Information shown -
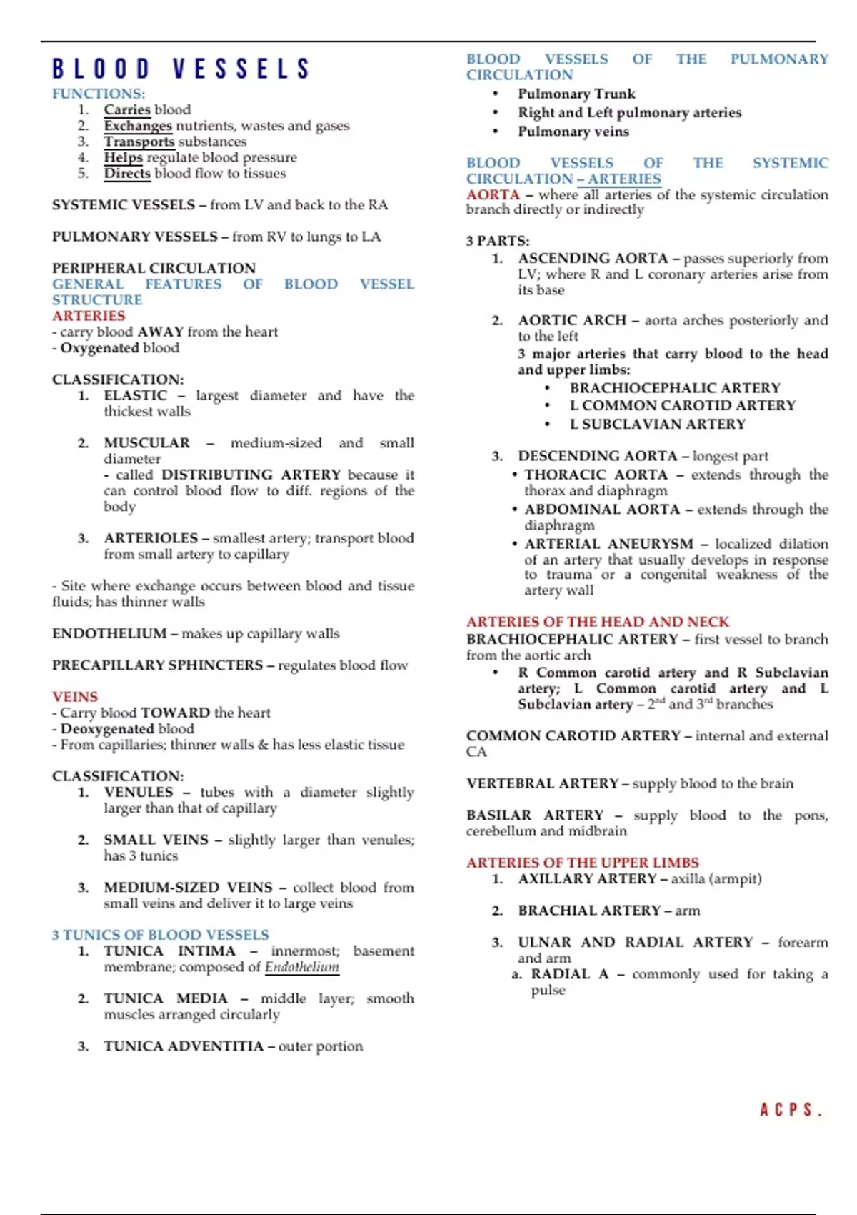Class Notes (Summary) of Blood Vessels I Anatomy and Physiology ...
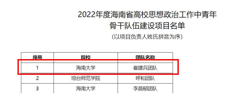 近日,海南省教育厅公布2022年度高校思想政治工作有关培育建设部分项目结果,我院崔建兵老师团队入选2022年度海南省高校思想政治工作中青年骨干队伍(全省每年资助10个团队)。
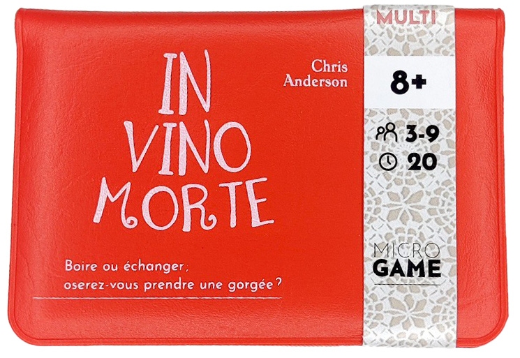 Toujours dans la gamme Microgames, un jeu (en seize cartes) de bluff et d’élimination (dans la grande famille de loup-garou et affiliés). Un jeu simple. Un jeu on ne peut plus simple. Il y a deux cartes : vin ou poison. Celui qui sert pour la manche distribue une carte cachée à chacun-e. A son tour, on boit ou on échange (à l’aveugle) avec un-e autre. On boit du poison : on meurt. Une fois que chacun-e a choisi, on révèle les cartes encore cachées et les empoisonné-es restant meurent. Les survivant-es jouent la manche suivante avec un-e autre serveureuse. Et c’est tout. Et ça marche. Bon, il n’y aura pas une profondeur de jeu dingue, mais à coup de bluff, contre-bluff et rancoeurs, les parties peuvent tout à fait s’enchaîner avec bonheur (et cris et mauvaise foi). C’est une version de cette famille de jeu réduite à sa plus simple expression, avec l’avantage de la simplicité et de la rapidité et l’inconvénient du peu de variation au final. Voire l’impression de s’être fait un peu arnaquer parce que finalement ce sont seize cartes et deux illustrations (sommaires). En vrai, au prix de cette gamme, et étant donné que le jeu marche, je trouve ça honnête. Pas indispensable, parce que vous le referez avec n’importe quel jeu de cartes (noir et rouge suffit par exemple), mais fonctionnel, facile à balader et à proposer.
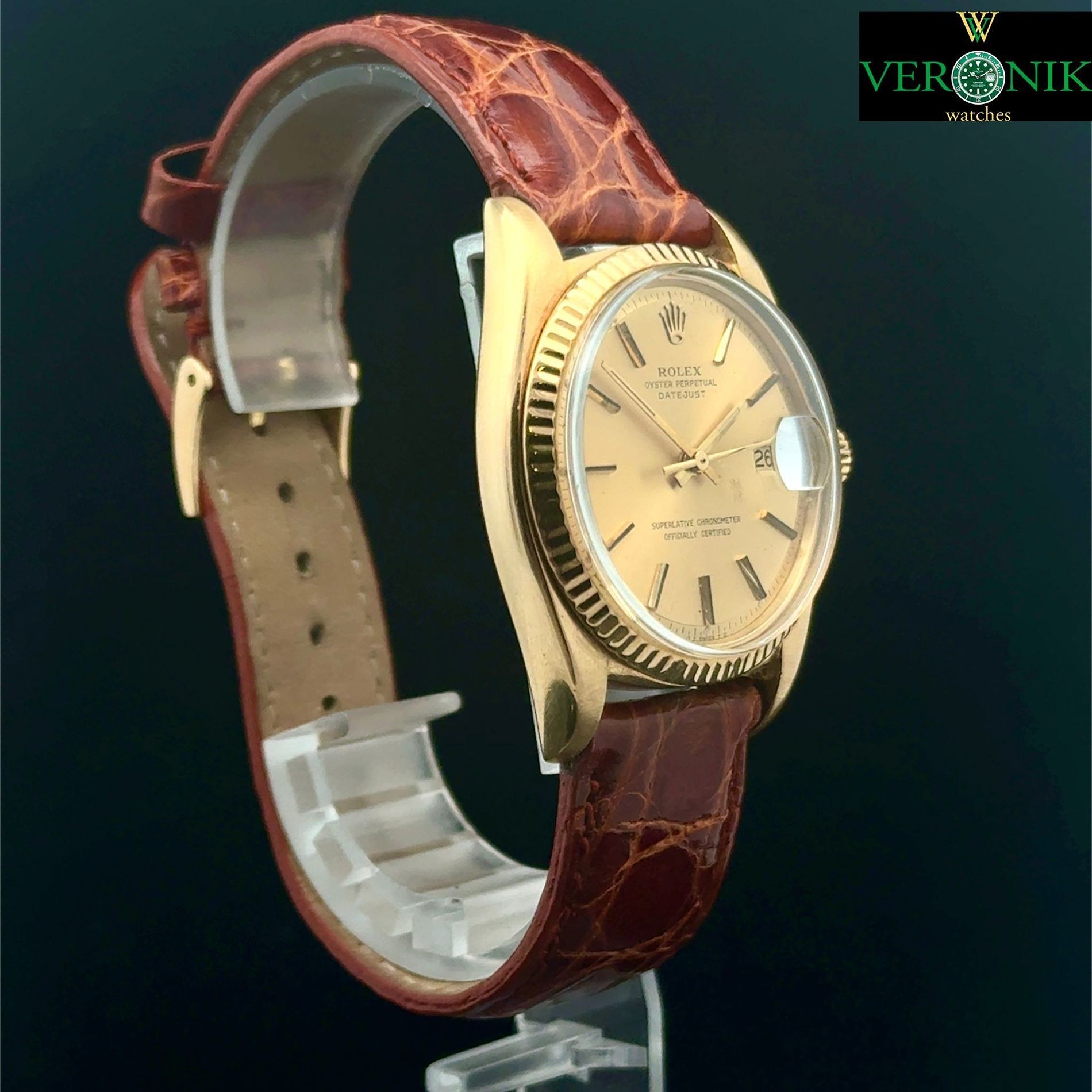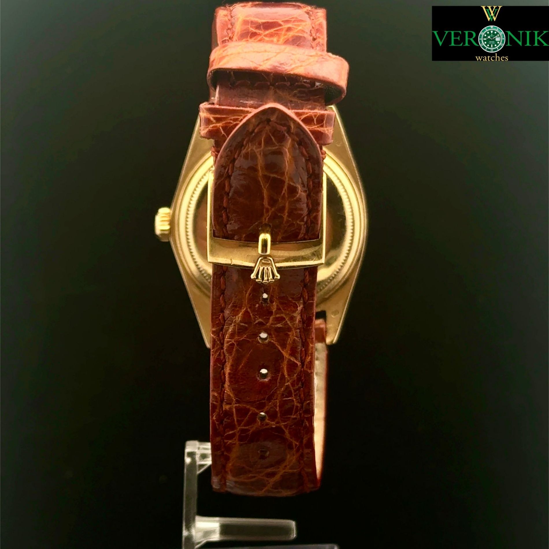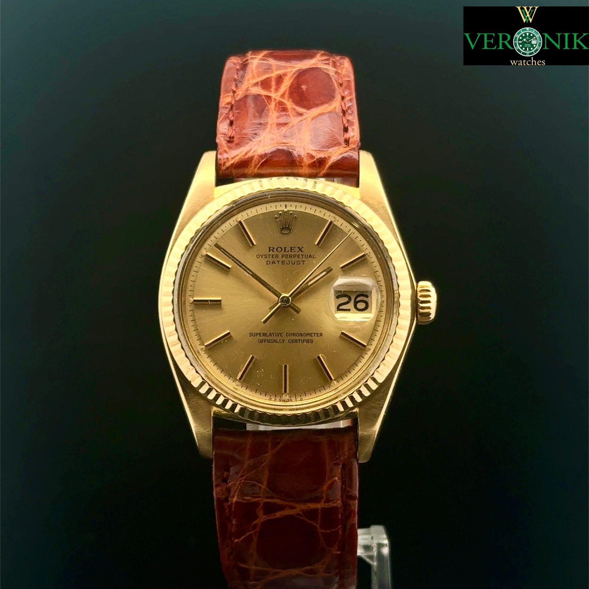 BRAND ROLEX REFERENCE NUMBER 1600 MOVEMENT AUTOMATIC CASE MATERIAL GOLD STRAP MATERIAL AFTERMARKET LEATHER, ROLEX GOLD BUCKLE CONDITION EXCELLENT WITHOUT ORIGINAL BOX OR ORIGINAL PAPERS 1 YEAR SHOP WARRANTY DIAMETER 36MM WATER RESISTANT 10 ATM STRAP STRAP MATERIAL LEATHER FEATURES ONE YEAR SHOP WARRANTY FROM THE DATE OF AUCTION YEAR 1977 - AUCTION COMMISSION 25%

Work request - Return, exactly and without extra lines, everything from the line with "Toujours dans la" through the last line of the material above, both included. Pictures must be dropped.

Reply -
 Toujours dans la gamme Microgames, un jeu (en seize cartes) de bluff et d’élimination (dans la grande famille de loup-garou et affiliés). Un jeu simple. Un jeu on ne peut plus simple. Il y a deux cartes : vin ou poison. Celui qui sert pour la manche distribue une carte cachée à chacun-e. A son tour, on boit ou on échange (à l’aveugle) avec un-e autre. On boit du poison : on meurt. Une fois que chacun-e a choisi, on révèle les cartes encore cachées et les empoisonné-es restant meurent. Les survivant-es jouent la manche suivante avec un-e autre serveureuse. Et c’est tout. Et ça marche. Bon, il n’y aura pas une profondeur de jeu dingue, mais à coup de bluff, contre-bluff et rancoeurs, les parties peuvent tout à fait s’enchaîner avec bonheur (et cris et mauvaise foi). C’est une version de cette famille de jeu réduite à sa plus simple expression, avec l’avantage de la simplicité et de la rapidité et l’inconvénient du peu de variation au final. Voire l’impression de s’être fait un peu arnaquer parce que finalement ce sont seize cartes et deux illustrations (sommaires). En vrai, au prix de cette gamme, et étant donné que le jeu marche, je trouve ça honnête. Pas indispensable, parce que vous le referez avec n’importe quel jeu de cartes (noir et rouge suffit par exemple), mais fonctionnel, facile à balader et à proposer.
 BRAND ROLEX REFERENCE NUMBER 1600 MOVEMENT AUTOMATIC CASE MATERIAL GOLD STRAP MATERIAL AFTERMARKET LEATHER, ROLEX GOLD BUCKLE CONDITION EXCELLENT WITHOUT ORIGINAL BOX OR ORIGINAL PAPERS 1 YEAR SHOP WARRANTY DIAMETER 36MM WATER RESISTANT 10 ATM STRAP STRAP MATERIAL LEATHER FEATURES ONE YEAR SHOP WARRANTY FROM THE DATE OF AUCTION YEAR 1977 - AUCTION COMMISSION 25%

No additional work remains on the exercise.